Unfortunately, there is no physical quantity that corresponds to this symmetry. This is due to the general fact that discrete symmetries have no generators. While you can write rotations, for example, in the form $e^{i\mathbf{J}\cdot\hat{\mathbf{n}}\theta}$, where $\mathbf{J}$ is the generator, this is not really meaningful for discrete symmetries.

A good comparison for this is parity: if $\Pi$ commutes with $H$ then we say parity is conserved, in the sense that the transformation itself is a constant of the motion. For a more general discrete group $G$ (instead of $G=\{-1,1\}$ for parity) then the labels $+$ and $-$ are replaced by the group representation. Similarly the labels $l$ and $m$ correspond to the group representation and to the eigenvalues of some particular group transformation. Both are conserved under $H$, but there is no generator.

Answer 2

I am not sure I am clear what you mean by Crystal Angular Momentum, but here are some ideas.

One must distinguish between angular momentum due to rotation of an object as a solid system, and that of a system made of subsystems each having angular momentum - atoms in the crystal in this case.

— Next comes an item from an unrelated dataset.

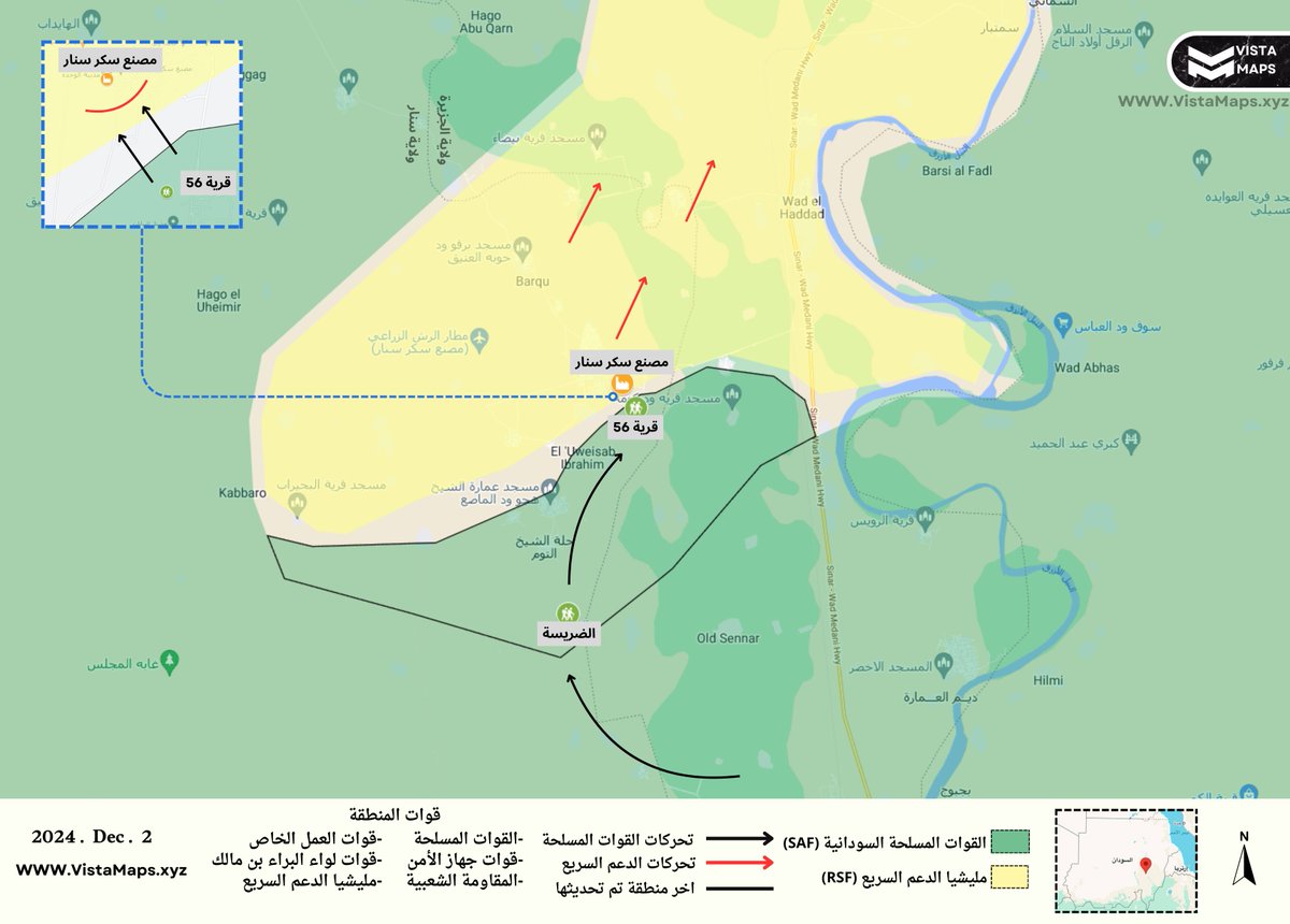 – تؤكد المقاطع المصورة استمرار المعارك العنيفة حتى المساء، حيث تواصل القوات المسلحة تقدمها من شمال غرب قرية 56 باتجاه المليشيا المتحصنة داخل المصنع.

Individual atoms in a crystal do have angular momentum, and this is how they get their magnetic dipole moment. In crystals that have magnetisation the majority of atomic angular momentum point in the same direction, hence such crystals display magnetic properties. But that relates to the total angular momentum of individual, "loose" so to speak, atoms of the crystal and not that the crystal itself rotates as a solid object. I hope this makes sense(?)